Post by: Martoman on May 28, 2010, 06:02:57 pm
How many sugar-phosphate bonds are formed when 6 nucleotides join to form a single strand of DNA?
I drew it out but got 10 links, as for 2 sugars there were 2 links, 3 there were 4, 4 -> 6 5 - > 8 and 6 -> 10.
This was drawn like:
S
|
P - S
|
P - S
So the amount of bonds for 3 as you can see is 4? Is this right?
I also do not get this idea of hydrolyzing DNA. Like for example:
A particular gene consists of 100 nucleotides. How many molecules of water are needed to completely hydrolyze the gene? What bond are we hydrolyzing btw?
Post by: Studyinghard on May 28, 2010, 06:21:19 pm
you can hydrolyse the phosphate-sugar bonds in the nucleotide.

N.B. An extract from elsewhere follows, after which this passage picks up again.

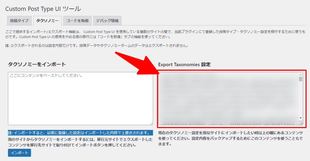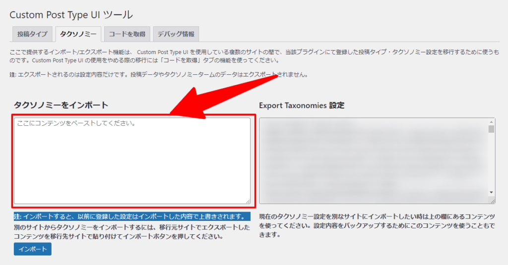 タクソノミーをインポート」に先ほどコピーしたコードを貼り付けます。
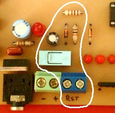 Del mismo lado y junto a la fuente se encuentra el circuito de Reset del micro, que por lo general lo utilizamos en nuestro entrenamiento, es por eso que cuenta con un micropulsador, (que lo saqué de un viejo mouse, quien dijo que hay que tirarlos...???)

When the phosphate and sugar bond they eliminate water so to reverse the process you hydrolyse with water.
Post by: m@tty on May 28, 2010, 06:22:07 pm
Quote
How many sugar-phosphate bonds are formed when 6 nucleotides join to form a single strand of DNA?
With this there are only 5. The nucleotides are already formed, hence for n nucleotides to join there must be n-1 bonds formed..
Quote
Minimum number of nucleotides needed to code for a protein segment with amino acids. This is just 3n yes?
Yes, as far as I know there are 3 required per amino acid.
Post by: Studyinghard on May 28, 2010, 06:23:40 pm
QuoteHow many sugar-phosphate bonds are formed when 6 nucleotides join to form a single strand of DNA?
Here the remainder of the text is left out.